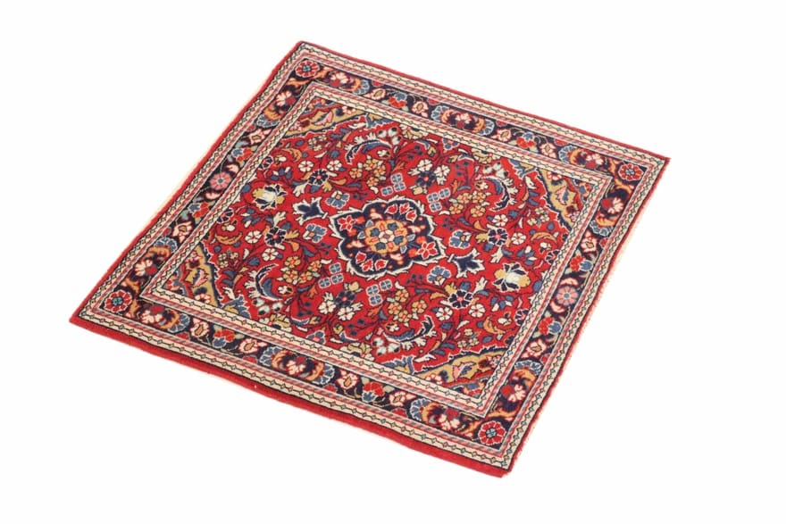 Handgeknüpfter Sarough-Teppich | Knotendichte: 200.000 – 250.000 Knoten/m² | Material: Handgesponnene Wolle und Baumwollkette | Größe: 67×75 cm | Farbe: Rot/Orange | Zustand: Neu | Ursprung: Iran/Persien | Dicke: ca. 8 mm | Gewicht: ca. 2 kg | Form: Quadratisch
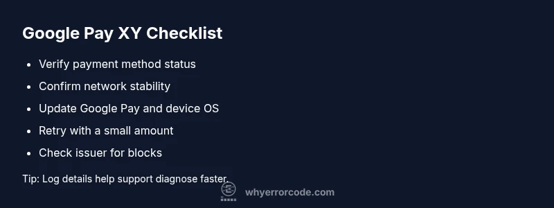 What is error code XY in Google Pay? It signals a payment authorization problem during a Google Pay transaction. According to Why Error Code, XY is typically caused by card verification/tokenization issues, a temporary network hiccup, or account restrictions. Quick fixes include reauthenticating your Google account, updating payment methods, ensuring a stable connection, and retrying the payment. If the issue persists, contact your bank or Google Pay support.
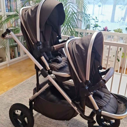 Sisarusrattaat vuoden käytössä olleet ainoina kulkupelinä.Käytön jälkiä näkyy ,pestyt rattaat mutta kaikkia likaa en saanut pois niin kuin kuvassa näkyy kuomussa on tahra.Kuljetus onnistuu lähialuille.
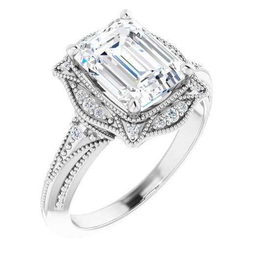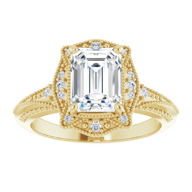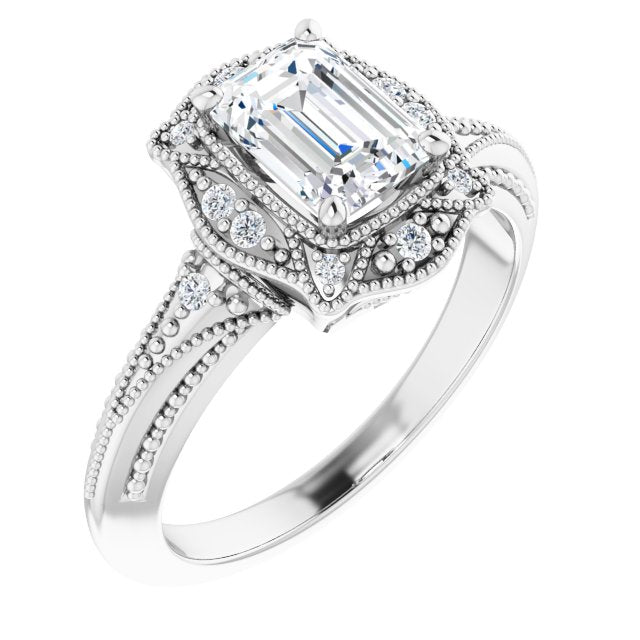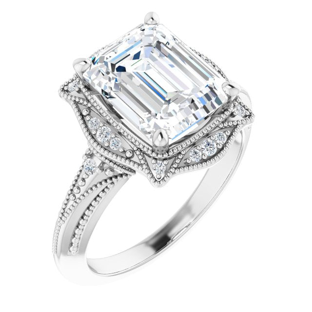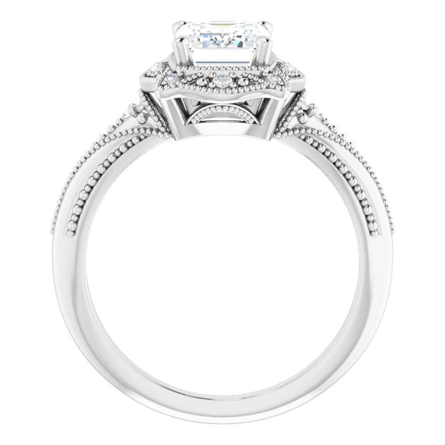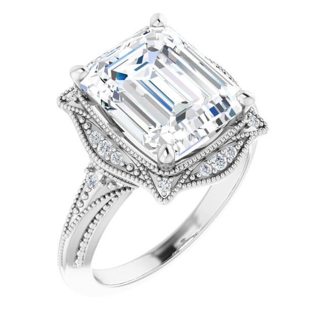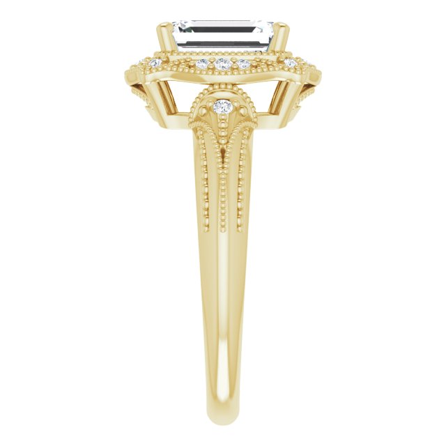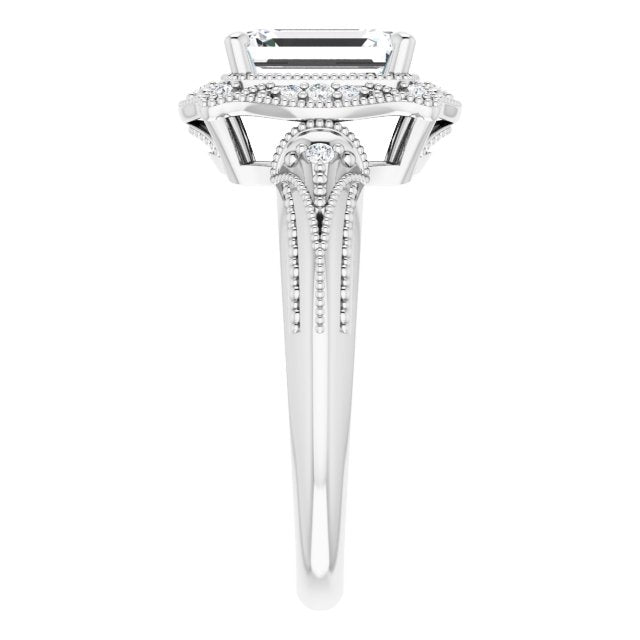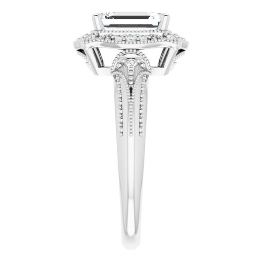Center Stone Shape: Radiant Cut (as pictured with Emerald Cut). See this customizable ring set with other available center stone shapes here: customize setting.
* * *
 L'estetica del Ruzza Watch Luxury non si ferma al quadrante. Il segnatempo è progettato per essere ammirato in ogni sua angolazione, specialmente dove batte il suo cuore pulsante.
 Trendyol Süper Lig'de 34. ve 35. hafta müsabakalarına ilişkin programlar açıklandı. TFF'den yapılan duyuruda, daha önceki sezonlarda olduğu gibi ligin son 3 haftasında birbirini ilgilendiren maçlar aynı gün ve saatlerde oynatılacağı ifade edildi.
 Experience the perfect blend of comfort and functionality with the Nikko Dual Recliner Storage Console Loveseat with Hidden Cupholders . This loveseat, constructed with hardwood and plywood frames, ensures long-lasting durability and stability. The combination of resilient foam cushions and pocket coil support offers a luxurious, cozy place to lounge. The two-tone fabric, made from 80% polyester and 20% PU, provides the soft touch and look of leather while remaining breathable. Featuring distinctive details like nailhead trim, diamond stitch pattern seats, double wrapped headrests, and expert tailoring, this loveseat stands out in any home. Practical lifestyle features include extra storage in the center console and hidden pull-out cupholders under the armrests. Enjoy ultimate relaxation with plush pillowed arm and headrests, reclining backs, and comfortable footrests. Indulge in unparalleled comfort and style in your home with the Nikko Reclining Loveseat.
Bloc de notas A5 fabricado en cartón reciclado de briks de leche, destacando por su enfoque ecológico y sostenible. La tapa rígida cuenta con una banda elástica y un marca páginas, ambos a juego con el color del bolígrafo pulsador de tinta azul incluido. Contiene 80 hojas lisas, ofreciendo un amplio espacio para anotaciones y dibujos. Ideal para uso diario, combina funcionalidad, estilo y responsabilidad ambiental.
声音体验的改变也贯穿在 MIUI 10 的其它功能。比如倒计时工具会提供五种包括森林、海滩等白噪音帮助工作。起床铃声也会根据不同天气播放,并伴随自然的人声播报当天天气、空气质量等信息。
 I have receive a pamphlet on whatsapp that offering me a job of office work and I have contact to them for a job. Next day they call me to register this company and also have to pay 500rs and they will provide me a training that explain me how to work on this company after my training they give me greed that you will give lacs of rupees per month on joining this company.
* * *
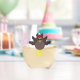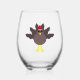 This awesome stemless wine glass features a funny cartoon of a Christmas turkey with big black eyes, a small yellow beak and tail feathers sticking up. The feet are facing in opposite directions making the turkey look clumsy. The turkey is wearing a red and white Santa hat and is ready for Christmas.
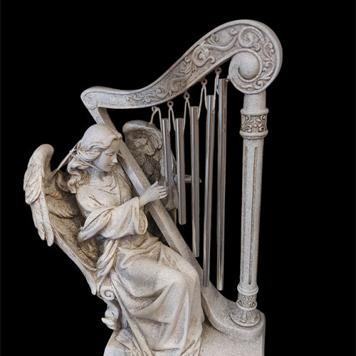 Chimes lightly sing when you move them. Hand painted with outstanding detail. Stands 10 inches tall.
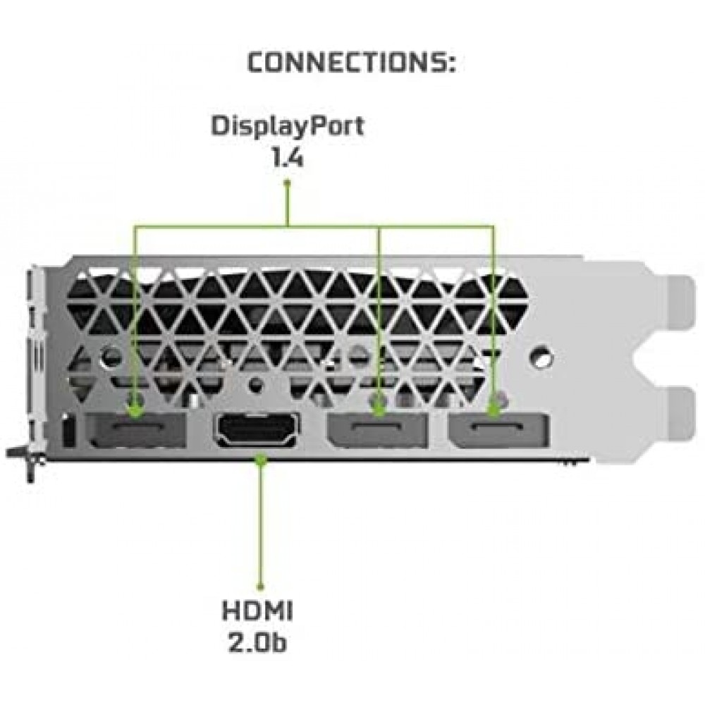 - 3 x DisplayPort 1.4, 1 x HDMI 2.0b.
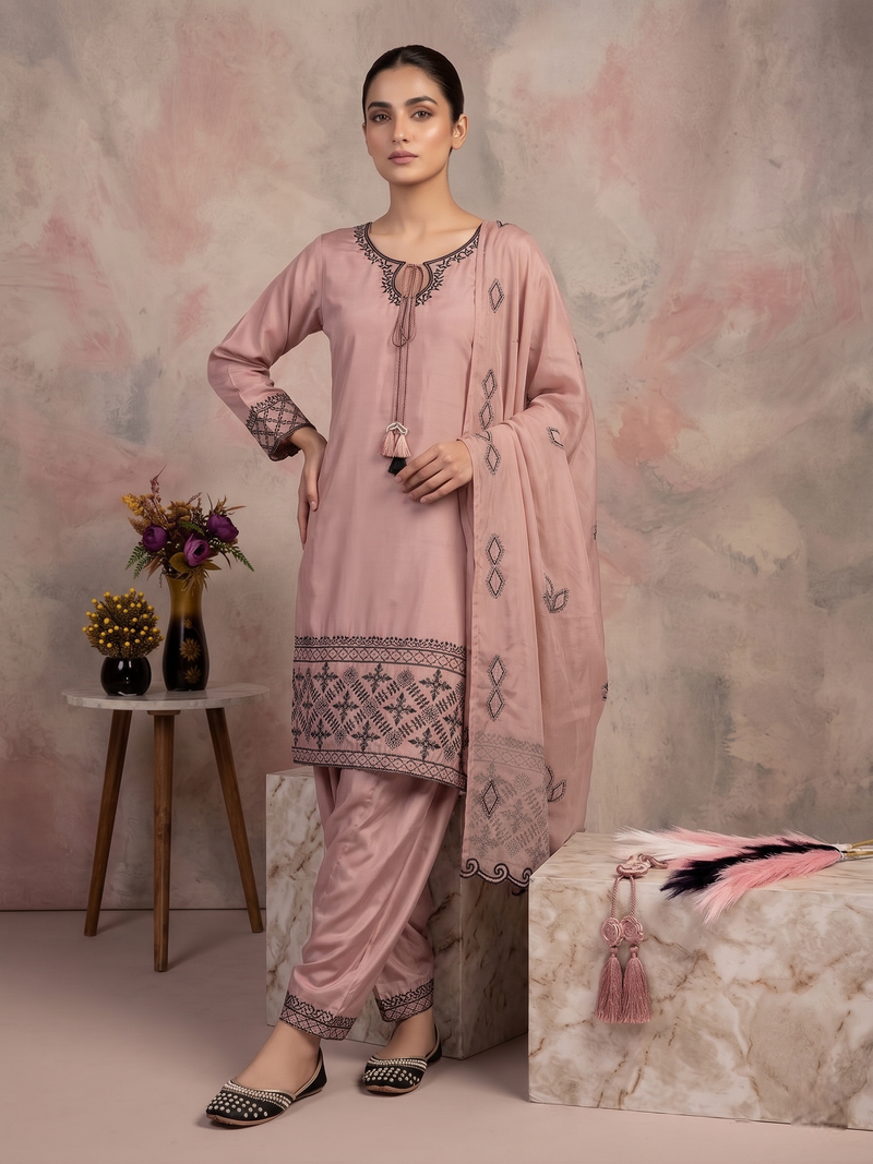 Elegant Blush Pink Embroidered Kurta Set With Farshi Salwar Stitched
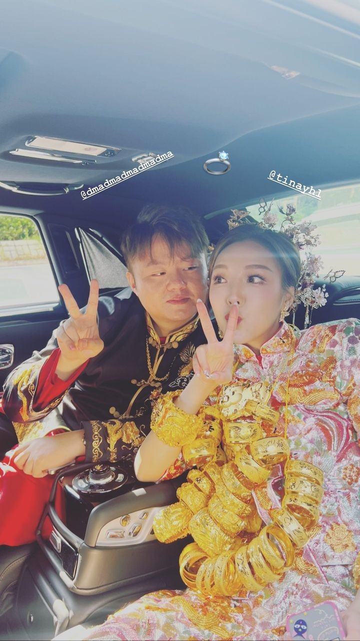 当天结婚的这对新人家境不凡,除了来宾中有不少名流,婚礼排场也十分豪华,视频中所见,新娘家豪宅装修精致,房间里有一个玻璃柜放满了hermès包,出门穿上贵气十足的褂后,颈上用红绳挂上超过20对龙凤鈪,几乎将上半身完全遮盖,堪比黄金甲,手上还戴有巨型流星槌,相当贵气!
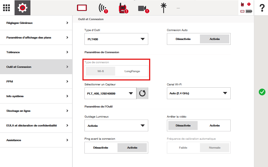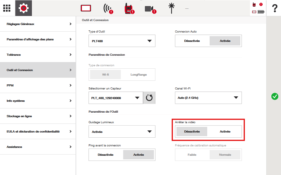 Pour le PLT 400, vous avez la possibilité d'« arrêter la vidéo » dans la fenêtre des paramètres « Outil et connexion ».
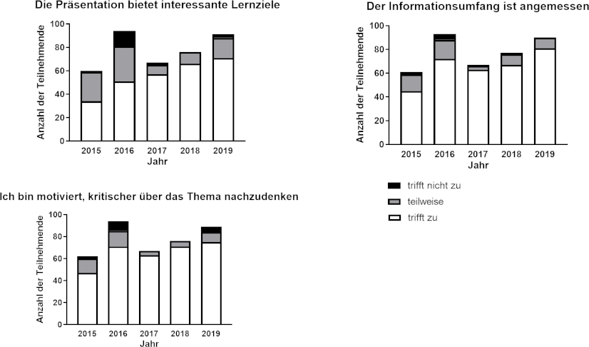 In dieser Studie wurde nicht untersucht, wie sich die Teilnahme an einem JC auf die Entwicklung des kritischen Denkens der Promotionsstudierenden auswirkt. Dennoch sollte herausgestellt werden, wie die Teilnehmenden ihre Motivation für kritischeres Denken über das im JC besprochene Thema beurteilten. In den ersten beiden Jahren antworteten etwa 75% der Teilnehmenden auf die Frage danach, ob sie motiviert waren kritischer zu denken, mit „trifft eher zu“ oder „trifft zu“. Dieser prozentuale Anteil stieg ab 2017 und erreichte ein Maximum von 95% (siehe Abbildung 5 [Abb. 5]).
* * *
Retype exactly, and only, the lines above from the one where "L'estetica del Ruzza" occurs up to and including the one where "Experience the perfect" occurs.

*Task output:*
 L'estetica del Ruzza Watch Luxury non si ferma al quadrante. Il segnatempo è progettato per essere ammirato in ogni sua angolazione, specialmente dove batte il suo cuore pulsante.
 Trendyol Süper Lig'de 34. ve 35. hafta müsabakalarına ilişkin programlar açıklandı. TFF'den yapılan duyuruda, daha önceki sezonlarda olduğu gibi ligin son 3 haftasında birbirini ilgilendiren maçlar aynı gün ve saatlerde oynatılacağı ifade edildi.
 Experience the perfect blend of comfort and functionality with the Nikko Dual Recliner Storage Console Loveseat with Hidden Cupholders . This loveseat, constructed with hardwood and plywood frames, ensures long-lasting durability and stability. The combination of resilient foam cushions and pocket coil support offers a luxurious, cozy place to lounge. The two-tone fabric, made from 80% polyester and 20% PU, provides the soft touch and look of leather while remaining breathable. Featuring distinctive details like nailhead trim, diamond stitch pattern seats, double wrapped headrests, and expert tailoring, this loveseat stands out in any home. Practical lifestyle features include extra storage in the center console and hidden pull-out cupholders under the armrests. Enjoy ultimate relaxation with plush pillowed arm and headrests, reclining backs, and comfortable footrests. Indulge in unparalleled comfort and style in your home with the Nikko Reclining Loveseat.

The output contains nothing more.